592 S.W.3d 444
Tex. Crim. App.2020Background
- Trooper stopped James Burg for failing to dim high beams, suspected DWI; Burg refused an officer’s request for a blood specimen; trooper issued 180‑day administrative (ALR) suspension and temporary permit.
- Officer obtained a warrant; blood test showed BAC 0.212. Burg was convicted of DWI (BAC ≥ 0.15).
- Jury assessed one year confinement but recommended community supervision; trial court placed Burg on 18 months’ community supervision, a $1,500 fine, court costs, and ordered a one‑year driver’s license suspension to run concurrent with the ALR.
- Defense did not object to the license suspension at sentencing; the written community‑supervision conditions (Article 42.12 §13) did not include a license suspension.
- On appeal Burg argued the trial court lacked statutory authority to suspend a first‑time offender’s license while placing him on community supervision (relying on Love). The State argued the complaint was forfeited for failure to object (citing Speth) and later characterized the suspension as a collateral consequence.
- The Court of Criminal Appeals held a license suspension is not punishment and thus is not part of an "illegal sentence" exception to preservation; because Burg had an opportunity to object and did not, the claim was forfeited and the conviction was affirmed.
Issues
| Issue | Burg's Argument | State's Argument | Held |
|---|---|---|---|
| Whether a court‑ordered driver’s license suspension imposed at sentencing is part of the criminal "sentence" such that it may be challenged for the first time on appeal as an "illegal sentence." | The suspension was "included in the sentence" and thus outside the legislatively mandated penalties; an unauthorized sentence may be raised for the first time on appeal. | The suspension is a collateral consequence/civil penalty, not punishment; it is not part of an illegal sentence and is forfeitable if not objected to. | Held: A license suspension is not punishment and not part of an "illegal sentence," so the Mizell rule does not apply. Rule 33.1 contemporaneous‑objection rules govern. |
| Whether Burg preserved his complaint about the license suspension. | Because the suspension rendered the sentence unauthorized, no contemporaneous objection was required to preserve the claim. | Burg had the opportunity to object at sentencing; failing to object forfeited appellate review. | Held: Burg forfeited the complaint by not objecting; issue not preserved. |
Key Cases Cited
- Mizell v. State, 119 S.W.3d 804 (Tex. Crim. App. 2003) (sentence outside statutory range is illegal and may be raised for the first time on appeal).

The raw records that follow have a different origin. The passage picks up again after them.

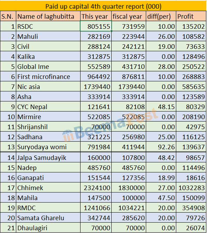त्यस्तै, ग्लोबल आइएमई लघुवित्तको २८ प्रतिशत, छिमेक लघुवित्तको २७ प्रतिशत, महुली लघुवित्तको २६ प्रतिशत, साधना लुघवित्तवको २५ प्रतिशत, आरएमडिसी र समता घरेलुको २०–२० प्रतिशत, सिभिलको १९, गणपतिको १८.९९ प्रतिशत र आरएसडिसी र फर्स्ट माइक्रोफाइनान्सको १०।१० प्रतिशतका दरले चुक्तापुँजी बढाउन सफल भएको छ । साथै यसबाहेक अन्य ७ वटा लघुवित्तको चुक्तापुँजी भने यथावत नै रहेको छ ।
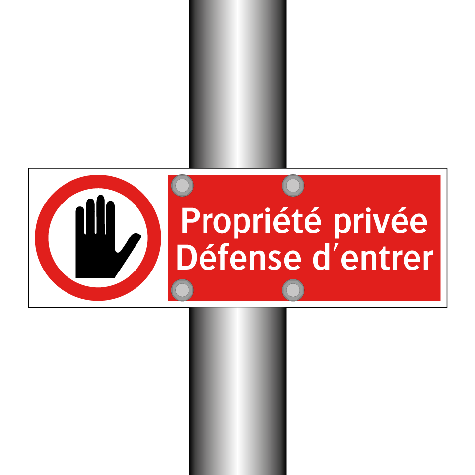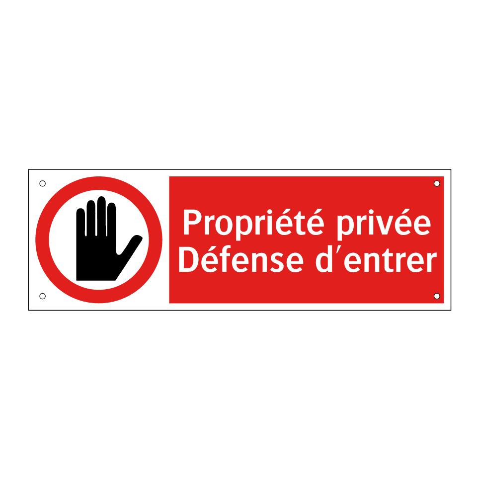 Panneau d'interdiction avec le texte : "Propriété privée Défense d'entrer" et une symbolique claire.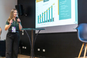 Anna Angotti, gerente de vendas de Seguros de Vida Individual e de Viagem na Omint Seguros, fechou a sequência de palestras do primeiro painel “Por que o corretor deve vender o seguro de vida?”. Em sua apresentação, a profissional elogiou os colegas que já haviam se pronunciado e falou sobre a importância de uma boa comunicação para a venda de um produto como o seguro de vida.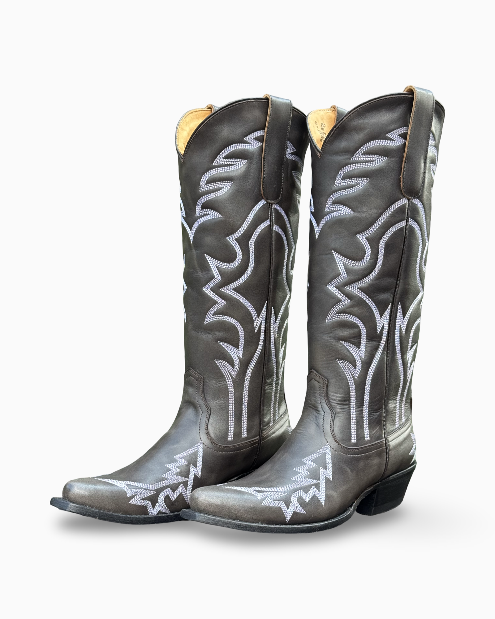 Bota vaquera para dama en piel genuina color gris, con bordado western en contraste que aporta carácter y personalidad. Su diseño estilizado y su acabado artesanal la convierten en una pieza protagonista dentro del estilo cowgirl contemporáneo.

- Davison v. State, 313 S.W.2d 883 (Tex. Crim. App. 1958) (automatic driver’s‑license suspension is not part of criminal "punishment").

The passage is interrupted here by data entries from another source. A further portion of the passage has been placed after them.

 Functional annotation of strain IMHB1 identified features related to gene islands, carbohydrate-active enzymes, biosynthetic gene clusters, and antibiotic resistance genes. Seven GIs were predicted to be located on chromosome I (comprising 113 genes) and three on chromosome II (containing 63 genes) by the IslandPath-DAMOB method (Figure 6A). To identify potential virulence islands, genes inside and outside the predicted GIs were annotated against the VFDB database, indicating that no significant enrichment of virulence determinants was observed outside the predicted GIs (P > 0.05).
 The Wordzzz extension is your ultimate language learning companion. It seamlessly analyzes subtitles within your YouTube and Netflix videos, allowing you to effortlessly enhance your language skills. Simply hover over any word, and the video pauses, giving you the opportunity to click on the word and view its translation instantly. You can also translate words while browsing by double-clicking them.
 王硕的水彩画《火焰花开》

- State v. Ross, 953 S.W.2d 748 (Tex. Crim. App. 1997) (sentence consists of the punishment terms in the judgment; collateral aspects of the judgment are outside the sentence).
- Speth v. State, 6 S.W.3d 530 (Tex. Crim. App. 1999) (failure to object in trial court forfeits complaint about a condition of community supervision).
- Idowu v. State, 73 S.W.3d 918 (Tex. Crim. App. 2002) (complaints about restitution appropriateness must be raised in the trial court).
- Hudson v. United States, 522 U.S. 93 (1997) (legislative designation of civil penalty generally controls unless clearest proof shows punitive effect to transform it into criminal punishment).